Diana Wynne Jones

Diana Wynne JonesI think I write the kind of books I do because, when I was five years old, World War Two broke out and everything went mad. Perfectly sane neighbours began crawling about in the field by our house with bushes tied to their heads, training for the Home Guard. The time was dangerous as well as mad. Aeroplanes, barrage balloons and searchlights filled the sky. People you knew died suddenly when a bomb hit the end of the street. Ordinary life became unsafe the whole time. Anything could happen.

Our family life became just as strange. I was sent with one of my sisters to Wales, where my grandfather was Minister at a Chapel in Pontardulais, but this didn't last long because - as far as I could tell - there was a massive family row and my mother went back to London with us. But London was very unsafe by then and we were sent with a school to a big house in the Lake District. This was not safe either. When the docks over the mountains were bombed, a German plane was shot down and the pilot baled out and hid in the mountains for weeks. One night he raided the pantry of the house where we were and stole an enormous cheese. This was enough for the school people. They left, but we stayed on with my mother and the mothers of some of the other children.

This house was the home of the children in Swallows and Amazons by Arthur Ransome (they were real people) and Arthur Ransome himself lived in a houseboat on the lake nearby. He got annoyed by the noise some of the smaller children made playing on the lakeshore and stormed in to complain. This is how I learnt that writers were real people (up till then, I had thought books were made by machines in the room at the back of Woolworth's). Beatrix Potter lived not too far away and she was real too. She smacked my sister and her friend for swinging on her front gate. But the same house had also belonged to the secretary of the writer and artist John Ruskin - and John Ruskin was obviously real too. The lofts were stacked with thick paper on which the man had drawn pictures of flowers, hundreds of them. Now, at this stage in the War everything was in short supply and there was no drawing paper. So one afternoon I climbed into the loft and fetched down a big pile of the drawings and started to rub them out so that I could use the paper to draw on myself. John Ruskin drawings fetch thousands of pounds these days. I must have rubbed out several hundred pounds worth before I was caught and punished.

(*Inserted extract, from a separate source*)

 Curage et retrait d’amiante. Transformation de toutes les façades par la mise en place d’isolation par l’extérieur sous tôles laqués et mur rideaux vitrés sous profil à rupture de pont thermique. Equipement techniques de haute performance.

When, after a bit more wandering in York, we went back to London, I realised that I was real too and knew I was going to be a writer - though I hoped I would be nicer to people than the writers I had so far run into. Two of those writers continued to haunt me. My father was so mean about money that he wouldn't buy books for his children, until he happened on a bargain offer of the entire set of Arthur Ransome books. He locked them in a high cupboard and gave us one between the three of us every Christmas. There was no television in those days and we suffered from book-starvation all the time. This is what started me writing, because I wrote stories to read out to my sisters at night. And when, much later, I became a student at Oxford, the room I was given was John Ruskin's old studio. It was the coldest room I have ever had to live in.

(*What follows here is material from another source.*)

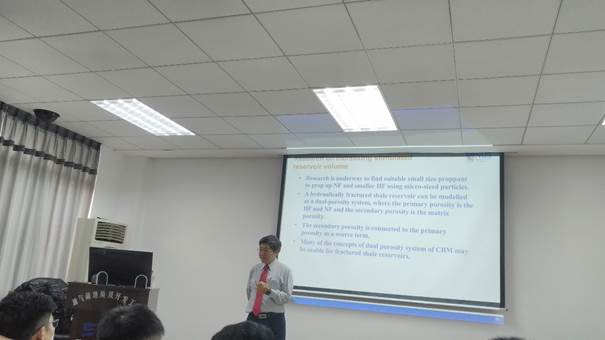 劉漢中在講座中介紹了頁巖油藏目前的開采狀況,他講到在頁巖油藏開采中,頁巖致密、孔隙度和滲透率低是制約采收率的關鍵問題,提出通過新型適當粒徑的支撐劑對頁巖油藏進行裂縫的開裂和支撐,分析了頁巖裂縫的擴張規律及引入支撐劑后的伸展狀況,詳細介紹了支撐劑的材料類型、物理特性、不同的輸送方式以及與頁巖地層的配伍情況。通過模擬對這種新型支撐劑的使用效果進行了評價,從現場和實驗室結果都能為提高頁巖采收率提供穩定可靠的技術支持。為同學和老師們在頁巖油藏提高采收率方面提供了新的研究動向。最后劉漢中教授簡單介紹了目前他研究的新方向:涉及到下一代新型的納米技術,用于研究更為有效的支撐劑;新型的泡沫劑用于控制流動的新技術和永久凍土層中的天然氣水合物開采研究。

But before this we had moved to a totally crazy village in Essex where my parents ran a Conference Centre. As examples of the craziness, there was a man who went mad at full moon, another who made life-size walking elephants and several women who said they were witches. The gardener at the Conference Centre used to tell everyone how he had had a vision on the Sampford Road, where an angel descended to him and told him never to belong to a Trade Union. Add to this a swarm of American GI's coming out of all the pubs to be sick and doodlebugs and rockets going overhead most nights and you can see I had every reason to think the world was a mad, unsafe place.

I started writing when I was married and had children of my own, and I think one of the things I wanted to tell people in my books was how to cope with the world when it goes crazy around you. It does that even without a war on, of course.